Freiberger Stahltag – 150 Jahre Institut für Eisen- und Stahltechnologie
Grüner Stahl, Klimaneutralität und Dekarbonisierung – eine Herausforderung für die Stahlindustrie bis 2050
Kann es gelingen, die Stahlindustrie klimaneutral zu machen und die zugehörigen Wertschöpfungsketten nachhaltig zu dekarbonisieren? Diese Frage ist von globaler Tragweite und erfordert tiefgreifende technologische und wirtschaftliche Veränderungen. Der Stahlsektor zählt zu den energieintensivsten Industrien überhaupt: In Deutschland benötigt die Stahlindustrie derzeit etwa 2,1 Milliarden Kubikmeter Erdgas pro Jahr und rund 25 Terawattstunden Strom, was der gesamten Jahresstromproduktion von Dänemark entspricht. Die dramatisch gestiegenen Energiepreise verursachen jährliche Mehrkosten von im Milliardenbereich und bedrohen die Wettbewerbsfähigkeit der deutschen Stahlindustrie massiv. Eine kurzfristige Entlastung, wie etwa eine Deckelung von Strom- und Gaspreisen, wäre nur ein erster Schritt, um die akute Krise zu bewältigen, doch sie löst nicht die strukturellen Herausforderungen der Branche.
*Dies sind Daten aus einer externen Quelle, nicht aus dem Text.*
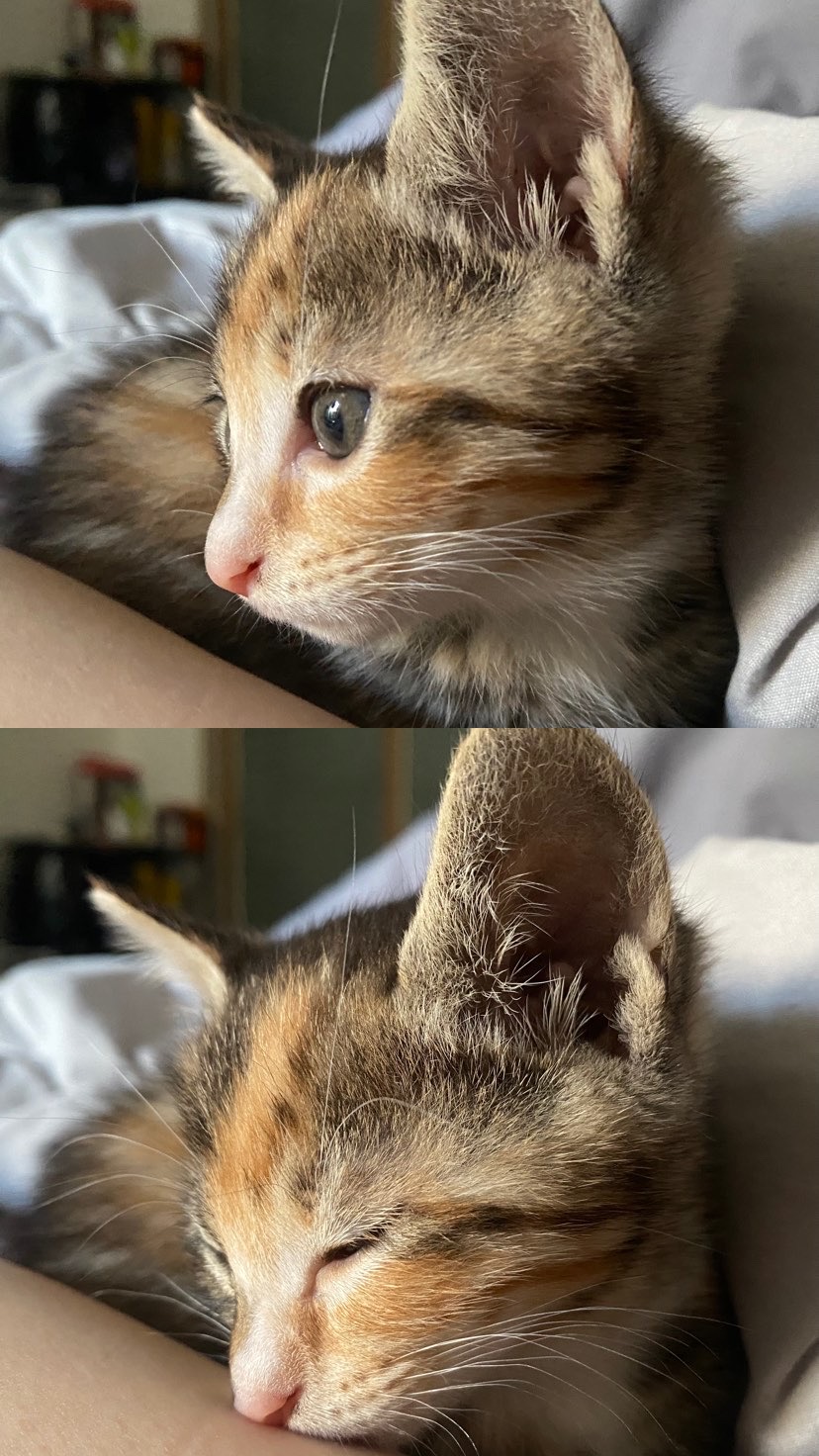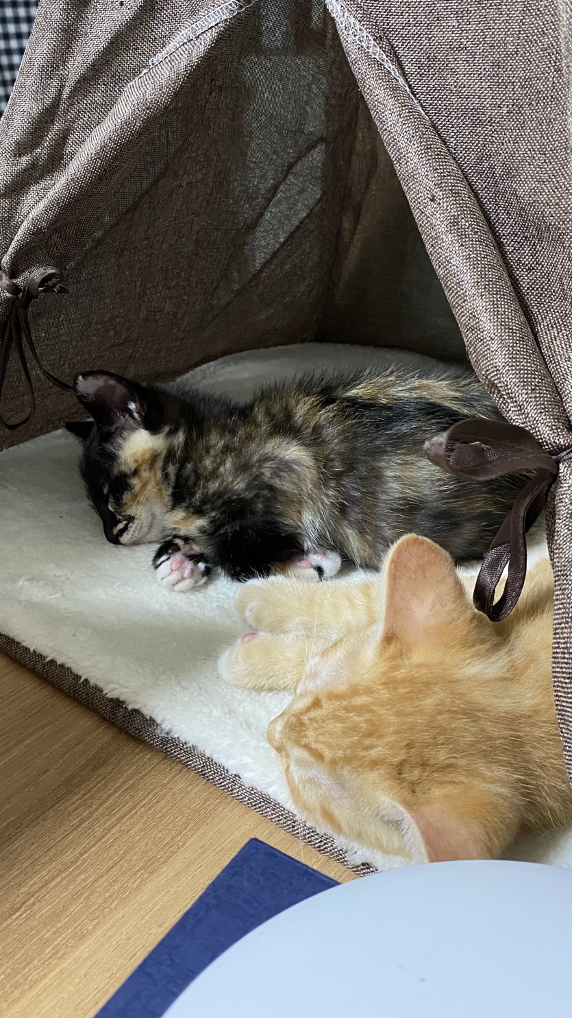 4월 꽃샘추의에 밥을 주던 애교쟁이 길냥이가 쓰레기더미에 아가들을 낳았고,집에 데려온 지 2~3개월 되었습니다!

Eine klimaneutrale Stahlproduktion erfordert eine radikale technologische Transformation. Zwei zentrale Ansätze stehen dabei im Fokus: Zum einen die Vermeidung von CO₂-Emissionen durch den Einsatz von Wasserstoff, etwa im Hochofenprozess oder bei der Direktreduktion von Eisenerz. Wasserstoff kann hier als Ersatz für kohlenstoffhaltige Reduktionsmittel dienen und die CO₂-Emissionen erheblich senken. Zum anderen setzt die Branche auf die stofflich-chemische Nutzung von anfallendem CO₂, um es in neue Wertschöpfungskreisläufe einzuschließen und so die Emissionen weiter zu reduzieren.
Ein weiterer zentraler Baustein ist die Kreislaufwirtschaft. Hier gewinnt die schrottbasierte Elektrostahlproduktion zunehmend an Bedeutung, da sie Energie und Rohstoffe einspart. Zudem werden Nebenprodukte der Stahlherstellung, wie Schlacken, nachhaltig als Ersatzbaustoffe eingesetzt, während Flugstäube und Schlämme weitestgehend in den Produktionskreislauf zurückgeführt werden.
Damit diese Verfahren großtechnisch umgesetzt werden können, sind jedoch gewaltige Investitionen notwendig. Der Strombedarf der Stahlindustrie wird durch die Umstellung auf Wasserstoff weiter steigen. Dies erfordert nicht nur enorme Mengen an grünem Strom, sondern auch den Aufbau einer flächendeckenden Infrastruktur zur Wasserstoffverteilung. Ein derartiger Technologieumbruch ist von den Stahlunternehmen allein nicht zu bewältigen. Es braucht eine umfassende finanzielle Förderung, die sowohl Forschung und Entwicklung als auch die praktische Umsetzung im industriellen Maßstab unterstützt.
Die zentrale Frage bleibt: Wie kann die energieintensive deutsche Stahlindustrie mitsamt ihrer Wertschöpfungsketten und Arbeitsplätze gesichert werden, ohne den Industriestandort Deutschland dauerhaft zu schädigen? Die Antwort liegt in der Balance zwischen technologischem Fortschritt, politischer Unterstützung und langfristiger Planungssicherheit. Die Zukunft der Stahlindustrie entscheidet sich an der Schnittstelle von Nachhaltigkeit, Wettbewerbsfähigkeit und sozialer Verantwortung.